The Presiding judge, Justice Scott, noted that the Commission in Court Session had held that the evidence showed that a reason to create BCE was indeed, as the union alleged, to reduce the terms and conditions of employment of staff providing food and beverage services in at least the new facilities and to have a wage structure comparable to catering contractors for work performed outside the Resort.

The Presiding Judge, Justice Scott, noted:

'In my view, taking all of the evidence into account, the conclusion reached by the Commission in Court Session... were conclusions properly open on the evidence. In my view, the Commission in Court Session appreciated the serious nature of the inference that it was asked to draw and did not apply the wrong test in law in drawing such inference.'

Justice Scott then considered the ground of appeal that the wage fixing principles had been breached in granting increases in excess of the safety net. In the process of considering this argument, the issue of looking behind the corporate veil arose.
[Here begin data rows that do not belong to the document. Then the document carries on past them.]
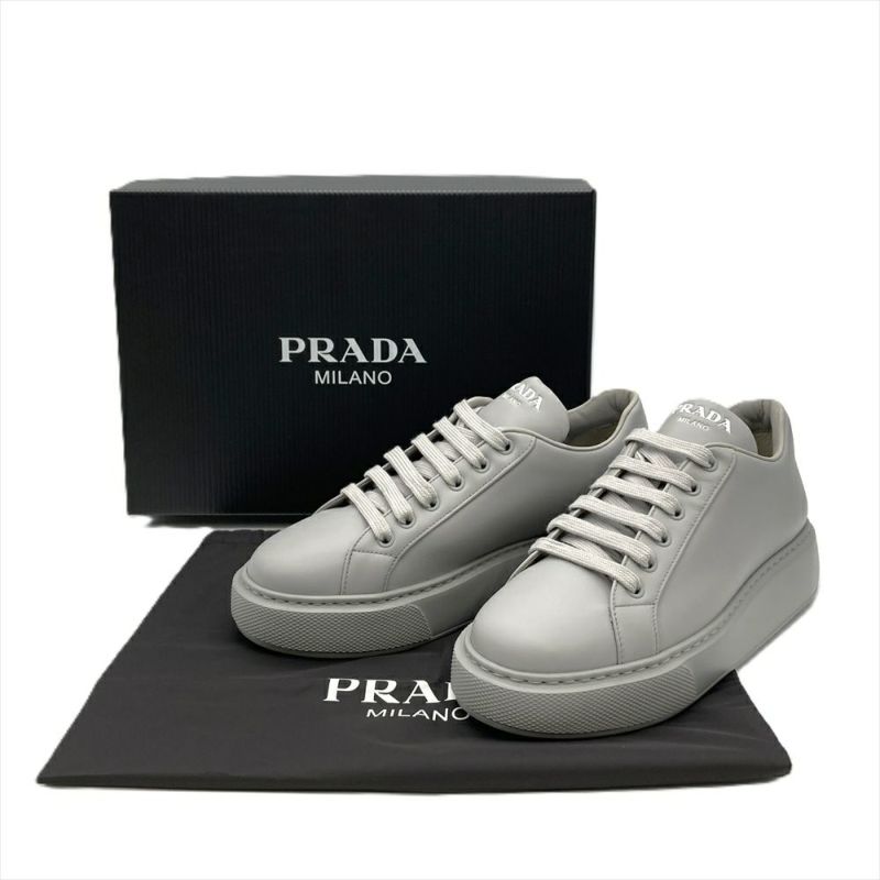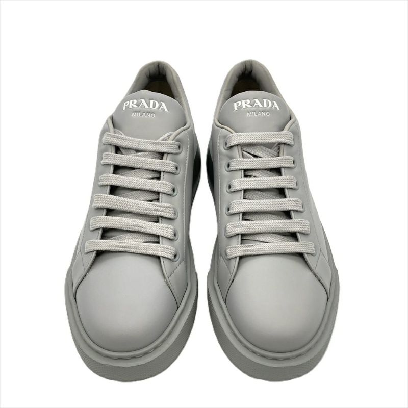 4. プラダ PRADA スニーカー レザー 1E892L グレー 39 ローカット レディース【中古】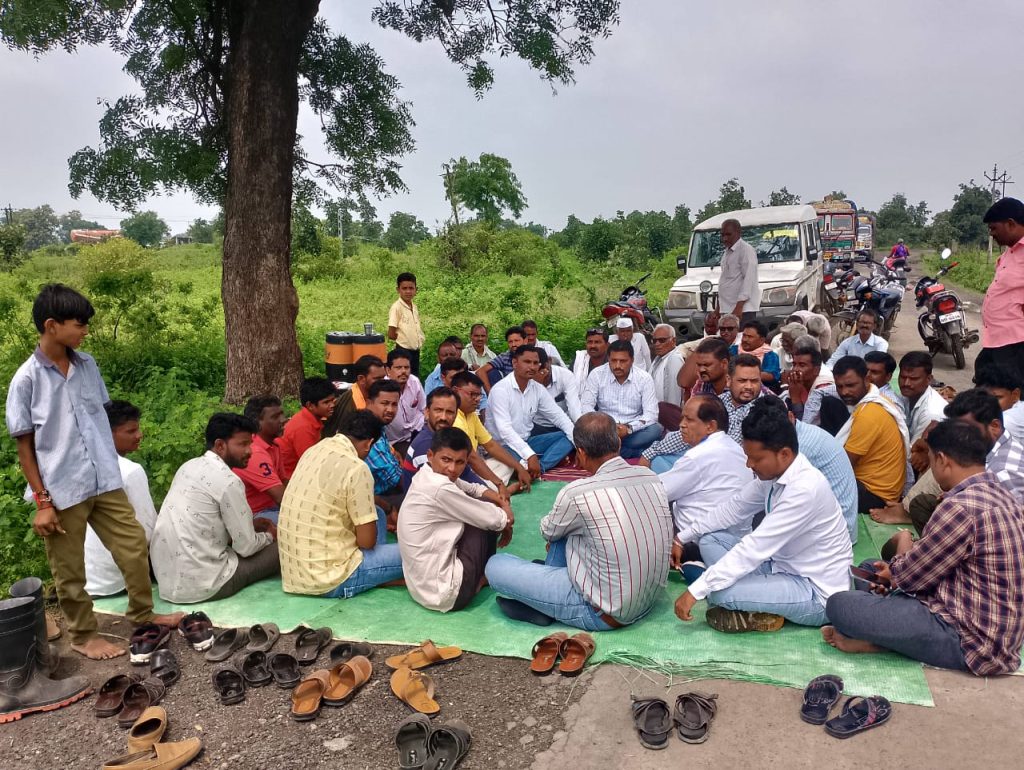 सिंमेट कॉक्रीट रोडच्या मागणी साठी रेल्वे पुलावजवळ रास्ता रोको.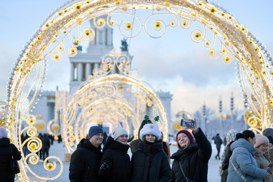 2024年12月31日,人們?cè)诙砹_斯首都莫斯科的新年裝飾前自拍。新華社發(fā)(亞歷山大攝)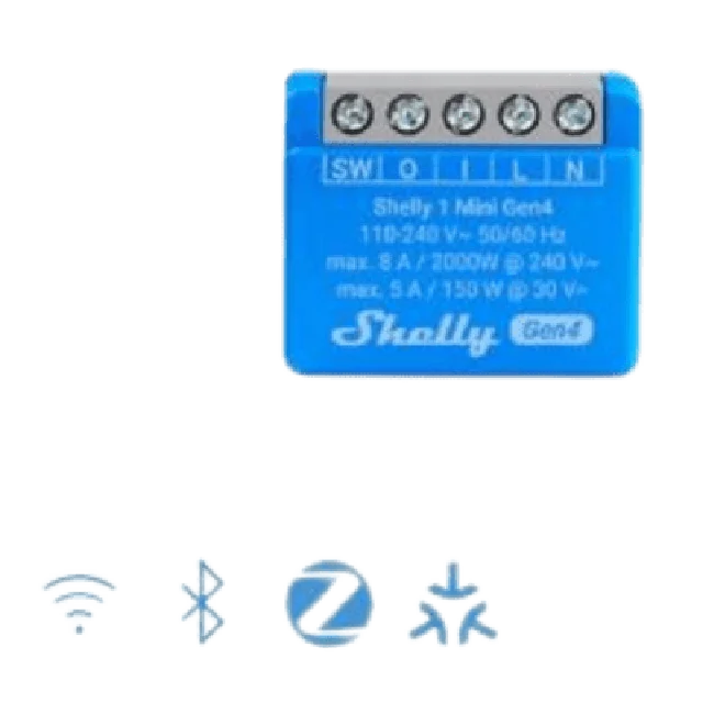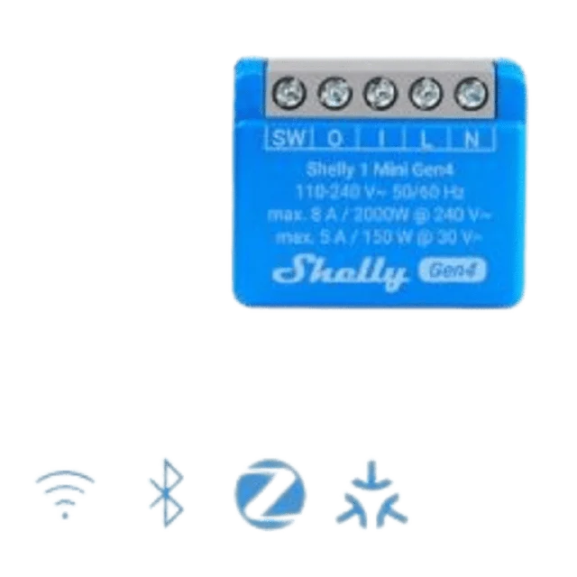 Interruptor inteligente compacto de próxima generación de Shelly para controlar luces y pequeños electrodomésticos de hasta 8 A. Equipado con chip Shelly y soporte de conectividad multiprotocolo: Wi-Fi, Zigbee, Bluetooth, Matter.

Justice Scott ruled that it could not be said that, taking all of the matters into account, the Commission in Court Session was in error in looking behind the corporate veil and determining that BCE was an agent of BRM.

He concluded:

'The ultimate issue then was whether in the making of a new award based upon that reasoning the Commission in Court Session was in error.

'In assessing that submission, it must, of course, be accepted that the provisions of the award were such that if it applied to all work by all employees of BCE, BCE would not be competitive with other companies in the catering industry and so would have difficulty competing with outside companies where the employees were governed by the RTC award.
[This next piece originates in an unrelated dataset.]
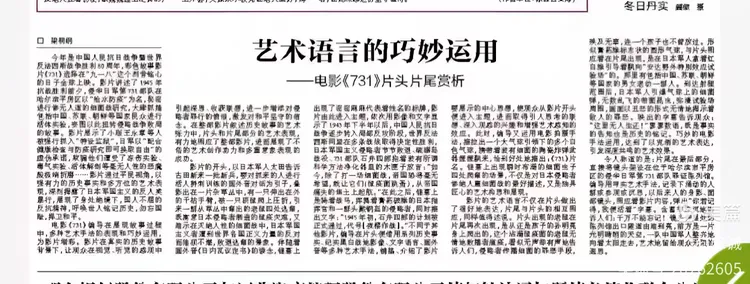 观看电影《731》,故事的真实性令人置信且撼人心魄,然而编导在展现故事过程中,多种艺术手法的表现和巧妙运用,更为影片增彩。影片在真实性的历史故事背景下,让观众在视觉、听觉的感观中引起深思和收获联想,进一步增添对侵略者罪行的愤恨,激发对和平坚守的信念,着实起到了可圈可点的艺术效果。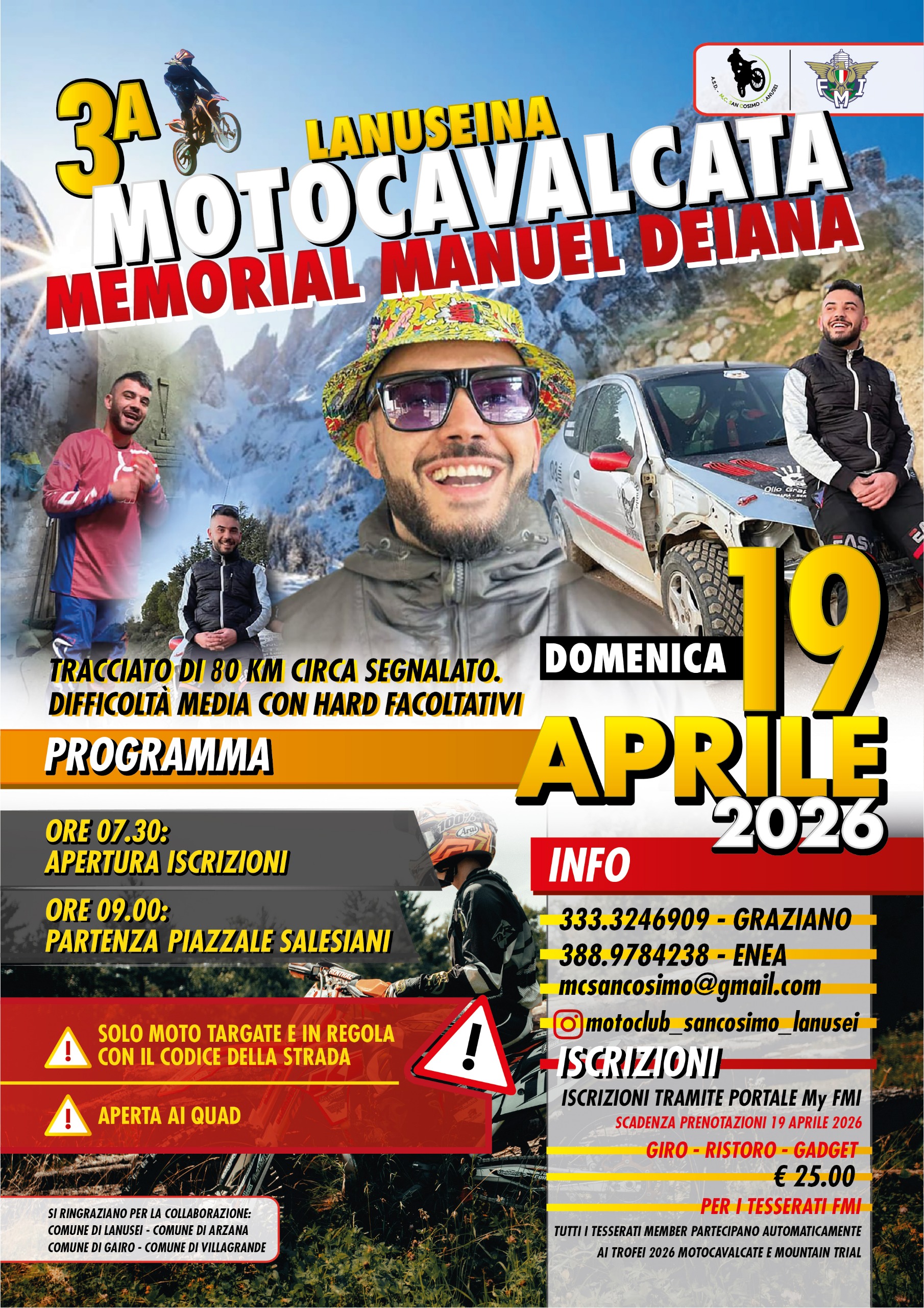 MOTOCAVALCATA MEMORIAL MANUEL DEIANA – 19.04.2026

'On the other hand, the new award granted to the employees of BCE terms and conditions which were over and above those enjoyed by other employees in the same industry governed by the RTC award. That situation was, however, allowed for by the terms of the award.
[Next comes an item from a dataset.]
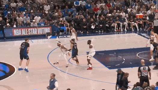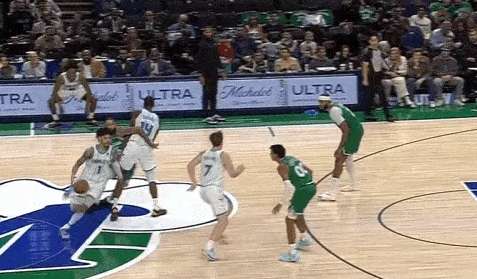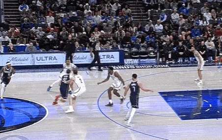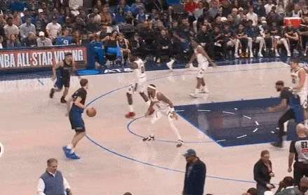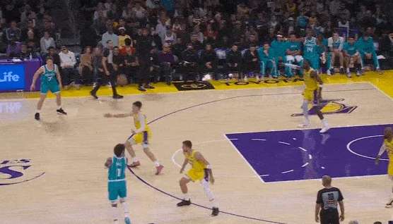 转换进攻回合弗拉格见小内姆难以传给内线要到错位的浓眉,迅速空手上提接应,接球后见克劳尼处于自身左侧直接推球变向启动右路突

In my view, the Commission in Court Session was not in error in concluding that there was no breach of wage fixing Principle 10 in all the circumstances of this case. The terms of the award expressly excluded work done in competition with outside catering contractors.

...

In my view, ... the Commission in Court Session was entirely justified on all of the facts and circumstances of this case. To have allowed the BCE employees to remain employed under the RTC award or on AWA agreements would have created significant inequities between those employees and the employees of BRM governed by the 2001 agreement. The Commission in Court Session was anxious to avoid that anomaly and, in my view, in making the award the Commission in Court Session reached an appropriate conclusion.'

Justice Scott dismissed the appeal.

Judges Parker and Hasluck agreed that this appeal should be dismissed for the reasons given by the Presiding Judge.

See: Burswood Catering and Entertainment Pty Ltd -v- Australian Liquor, Hospitality and Miscellaneous Workers Union, Western Australian Branch [2002] WASCA 354 (18 December 2002) - Scott, Parker and Hasluck JJ.